Umsetzung und Durchführung

Zunächst sollte geklärt werden, ob eine Kooperation mit einer gemeinnützigen Organisation oder sogar mit einer bestehenden Nähschule möglich ist. Ist dies nicht der Fall, muss selbst für die entsprechenden Räumlichkeiten und die Ausstattung mit den erforderlichen Gerätschaften gesorgt werden. Hierfür müssen Geld- oder Sachspenden generiert werden.

Die Durchführung der Kurse erfolgt durch ehrenamtliche Helferinnen und Helfer mit Erfahrung an der Nähmaschine. Im Idealfall lassen sich (ehemalige) Berufsschneiderinnen und Berufsschneider involvieren, die fachmännisch den Umgang an der Nähmaschine vermitteln. Da der Fokus bei diesem Modul neben der Ausübung eines Handwerks auch auf dem Erlernen der deutschen Sprache liegt, ist es wichtig, dass die Teilnehmerinnen des Kurses miteinander in dieser kommunizieren. Verfügen viele Teilnehmerinnen des Kurses über einen sehr geringen Wortschatz, können jedoch eine bilinguale Kursleitung oder ein paar sprachlich fortgeschrittene Teilnehmerinnen unterstützend wirken.

Ist die Nachfrage sehr groß, können langfristig nach Leistung gestaffelte Kurse stattfinden. In jedem Fall ist jedoch die regelmäßige Veranstaltung (z.B. ein bis zwei Mal pro Woche) wichtig für den sprachlichen, aber auch den handwerklichen Fortschritt.

Wichtige Umsetzungsschritte / Aufwandsabschätzung

Zu Beginn ist es wichtig Projektverantwortliche zu finden, die sich der Planung und der Konzeption des Projekts widmen. Ausschlaggebend für den Erfolg des Projekts ist die Beschaffung geeigneter Räumlichkeiten mit dem benötigten Equipment. Hierzu sollte man ggf. einen Kontakt herstellen zu ortsansässigen Nähschulen und nach Möglichkeit eine Kooperation eingehen. Eventuell bestehen bereits Nähkurs-Angebote, die noch erweitert werden können. Ansonsten besteht auch die Möglichkeit zum Aufruf zur Spende von Nähmaschinen/-equipment. In einem weiteren Schritt müssen ehrenamtliche Helferinnen und Helfer gefunden werden, die im Umgang mit Nähen und Nähmaschinen geübt sind. Schließlich müssen Interessentinnen angesprochen werden, die an dem Projekt teilnehmen möchten. Geeignete Informationskanäle dazu sind beispielsweise eine Homepagepräsenz, die Nutzung von Social Media bekannter Akteurinnen und Akteure sowie die Erstellung von Plakaten, Flyern und die Involvierung der Lokalpresse etc. Sinnvoll ist die Werbung in mehreren Sprachen, damit auch Frauen erreicht werden, welche die Sprache weniger beherrschen. Anschließend muss die regelmäßige Durchführung der Kurse gewährleistet werden.

Stolpersteine

Die Anschaffungskosten von Arbeitsplätzen inklusive neuer Nähmaschinen und Materialen zur Verarbeitung sind hoch. Hier wäre es von Vorteil, wenn genügend Maschinen durch Spenden generiert werden könnten. Auch Kooperationen mit Anbietenden von Stoffen und anderen Nähmaterialien könnten die Unkosten hier verhältnismäßig gering halten.

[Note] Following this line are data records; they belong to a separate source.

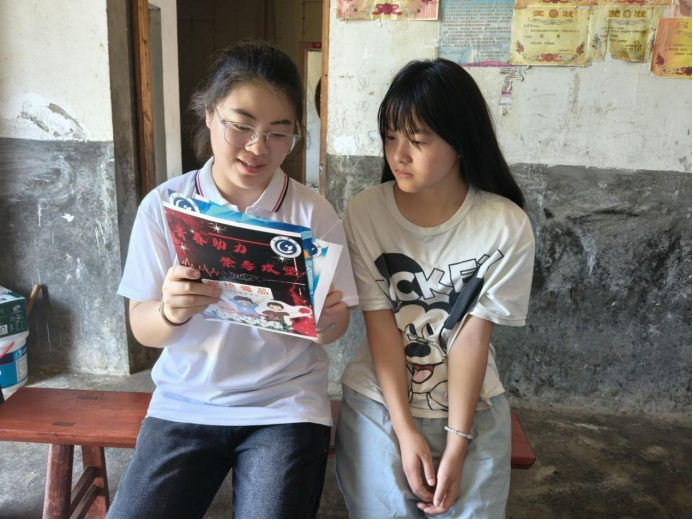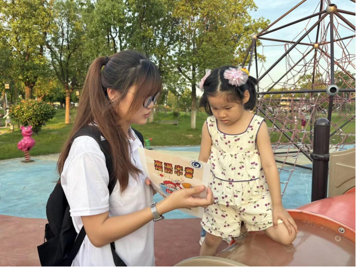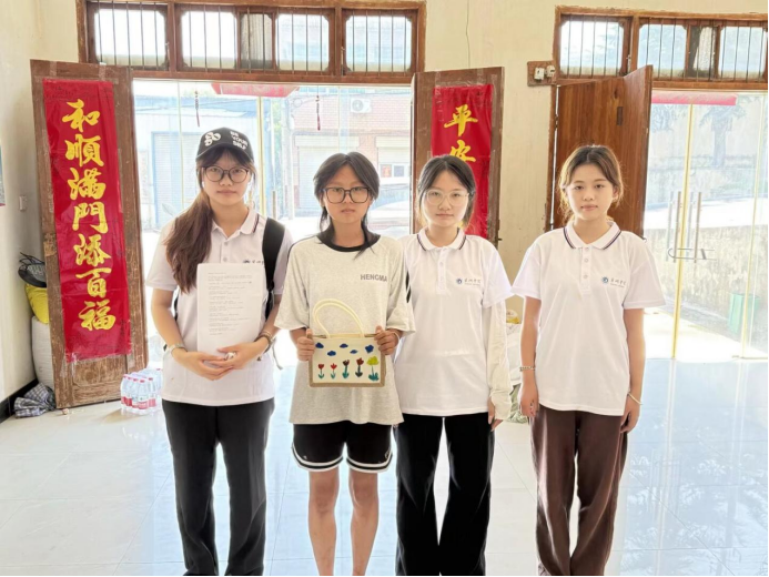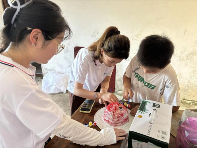 7月3日上午,实践团队前往盛桥镇陡岗村开展“送教下乡”泡泡趣味英语家庭公益课堂。活动中,团队成员拿出事先准备好的宣传海报,为小朋友普及电信诈骗、防溺水、防火灾等基本知识。随后,成员们拿出水彩颜料和图画纸与孩子一起绘画玩耍,在图画纸上绘上自己喜爱的图案。活动结束后,成员们将共同绘制的成果送给留守儿童留作纪念。此次活动让团队成员更加了解留守儿童的困难境况,成员们也尽自己的努力为孩子营造欢乐氛围,努力开拓其视野,学习更多知识。
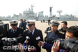北海艦隊(duì)某驅(qū)逐艦支隊(duì)112號(hào)導(dǎo)彈驅(qū)逐艦對(duì)來訪艦艇編隊(duì)進(jìn)行海上迎接、引導(dǎo)、執(zhí)行海上禮儀。某驅(qū)逐艦支隊(duì)544護(hù)衛(wèi)艦與112號(hào)導(dǎo)彈驅(qū)逐艦一道?吭诖a頭陪同來訪編隊(duì)。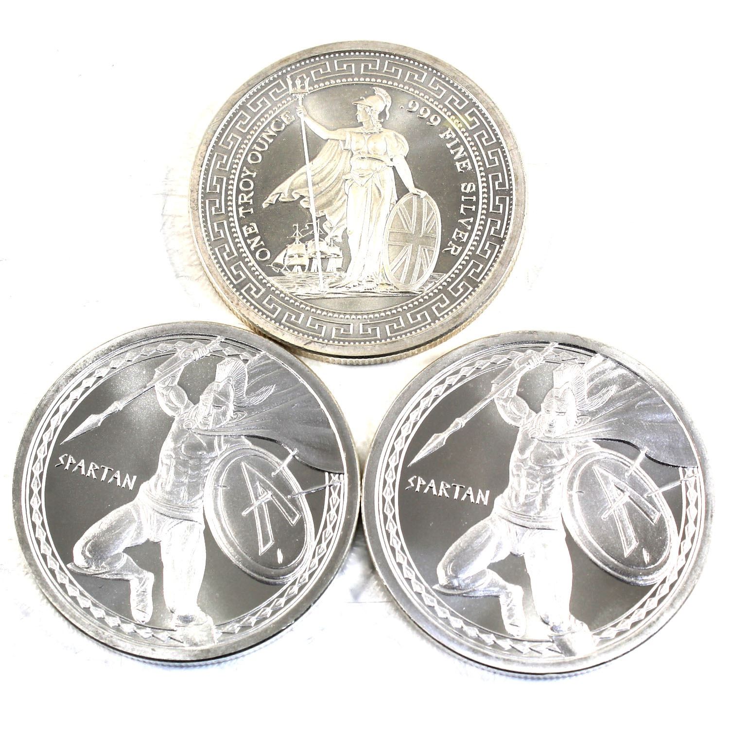 Britannia Design with Oriental Border & 2x Spartan Warrior 1oz .999 Fine Silver Rounds. 3pcs (TAX Exempt)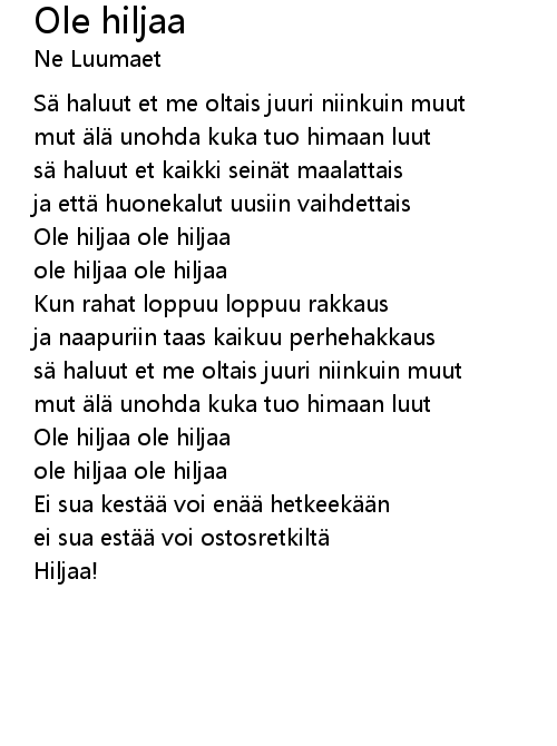 | ole hiljaa ole hiljaa | |

Eine weitere Barriere könnten sehr geringe Sprachkenntnisse darstellen. Besonders bei komplexen Erklärungen wäre es hilfreich, wenn bilinguale Lehrkräfte oder Teilnehmende mit unterschiedlich fortschrittlichen Deutschkenntnissen im Kurs zusammen treffen würden.

Bewertung

Insgesamt ist dieses Modul gut geeignet Frauen mit Migrationshintergrund spielerisch die deutsche Sprache sowie ein Hobby gleichermaßen näher zu bringen. Auch die ehrenamtlichen Helferinnen und Helfer können von diesem Konzept profitieren.

Fallbeispiele

Integrativer Nähkurs für Frauen in Herne

Deutsch für Alle e.V. Northeim – Nähkurse für Frauen

Kontakte / AnsprechpartnerInnen

Kooperationen mit Anbietenden von Sprachkursen für Migrantinnen und Migranten könnten hilfreich bei der Vermittlung von Interessentinnen sein.

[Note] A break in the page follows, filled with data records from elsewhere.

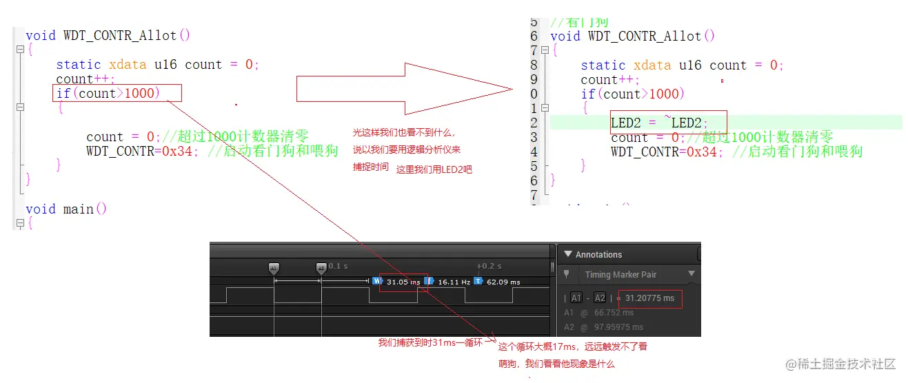 3.在定时器溢出之前,把看门狗计数器清零(喂狗)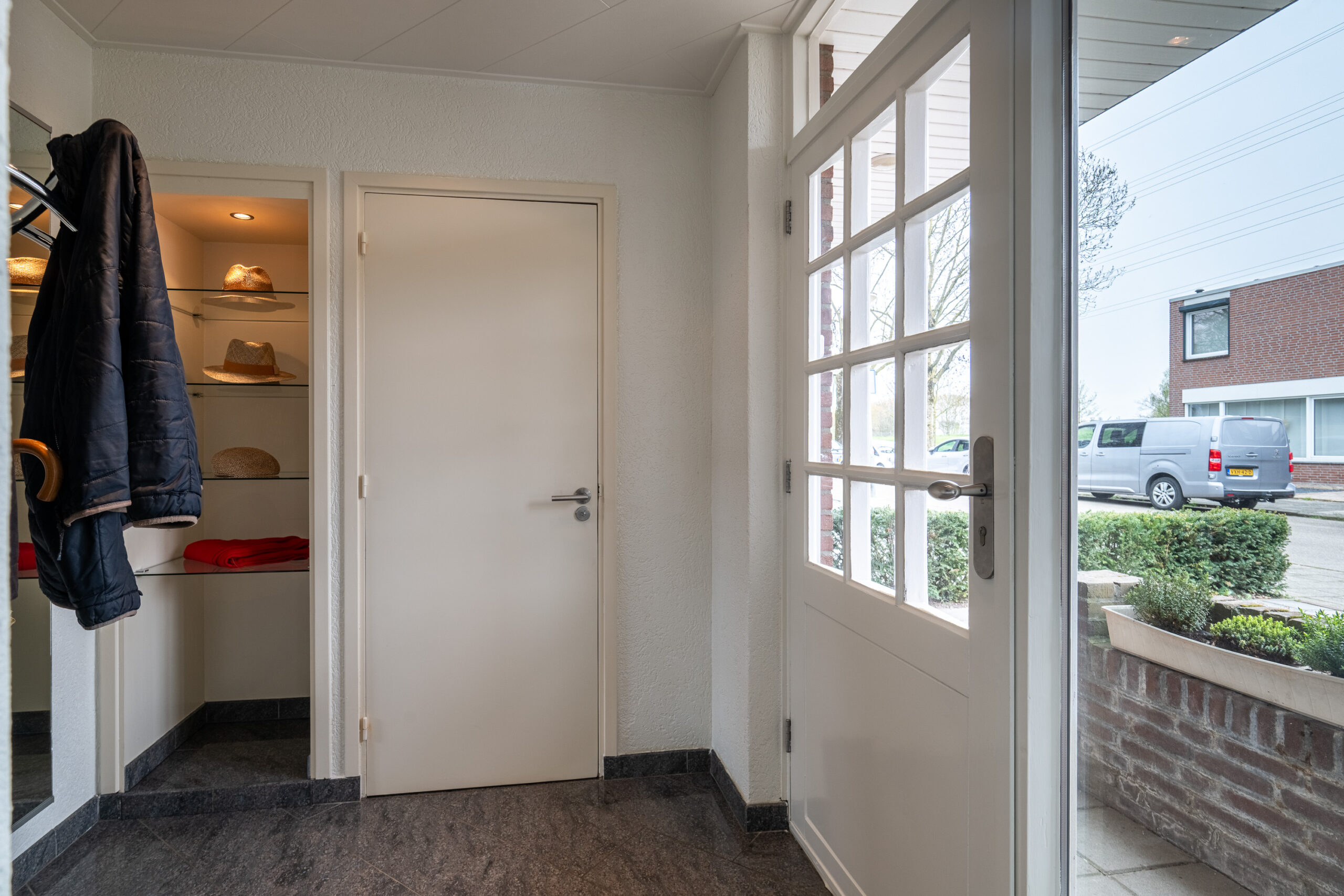 Via de verzorgde voortuin bereikt u de overdekte entree. In de ontvangsthal treft u een nette plavuizen vloer, een praktische inbouwkast en een modern, volledig betegeld toilet met fonteintje.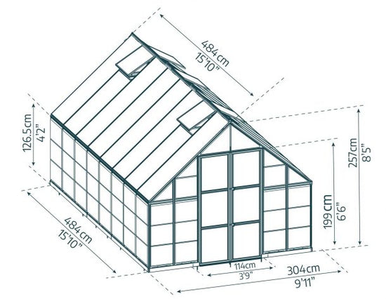 - Diffused Roof Panels: 4 mm twinwall roof panels protect from strong sunlight exposure and extend your season by protecting plants from Fall frosts.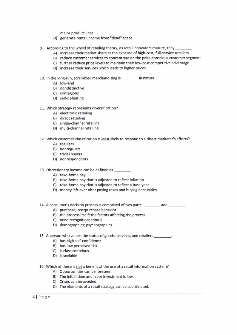 9. According to the wheel of retailing theory, as retail innovators mature, they ___ _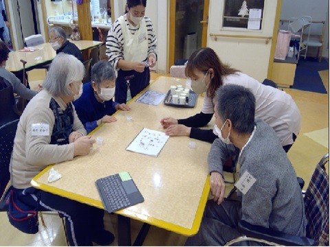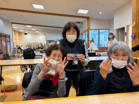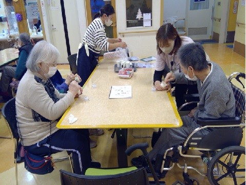 12月3日、デイサービスセンター ナービス堂山公園では『ケア美容体験会』が催されました。いつもは個別にネイルや手足のマッサージをご提供しておりますが、今回は『ハンドクリーム作り』を行いました。ネイルなどにはご興味がなかったご利用者もハンドクリーム作りなら参加したいという方もおられました。まず、初めに持ち帰り用のケースに貼るシール選びをして容器のデコレーションを行いました。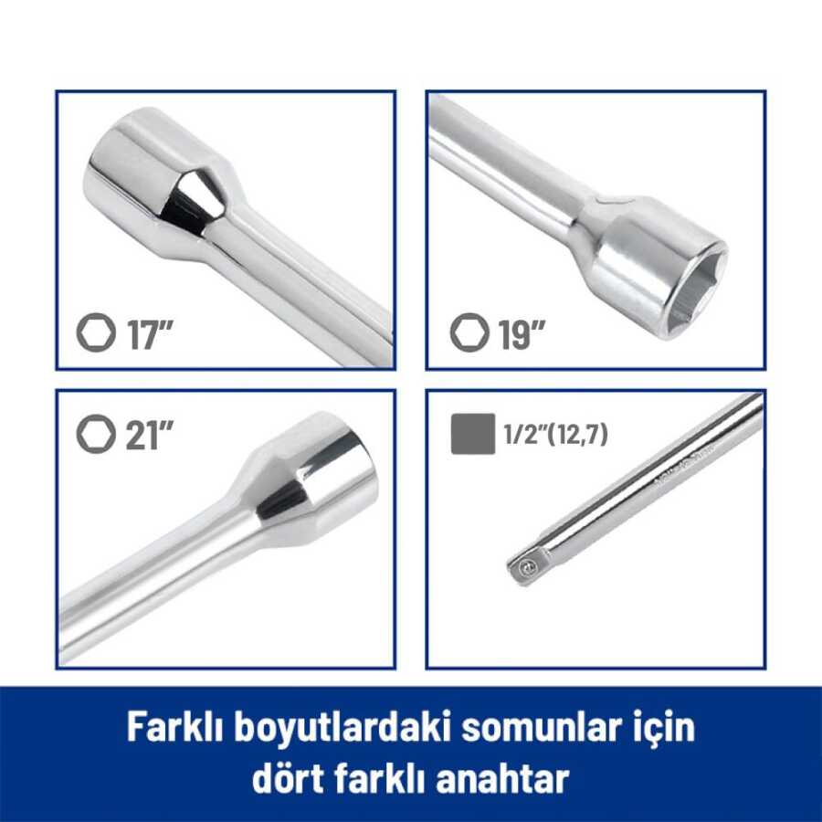 • 17 – 19 – 21 – 1/2'’ Bijon veya Somunlarda Kullanıma uygundur.

Dieses Projekt könnte beispielsweise auch im Rahmen eines gemeinnützigen Trägers organisiert werden. Diese könnten bei Fragen der Finanzierung und der Räumlichkeiten beraten.

Finanzierungsansätze

Beratung

Das Handelsregister Aufschluss über den ortsansässigen Lebensmittelhandel. Dies erleichtert die Suche nach Kooperationspartnerinnen und Kooperationspartnern, die für eine Zertifizierung gewonnen werden könnten.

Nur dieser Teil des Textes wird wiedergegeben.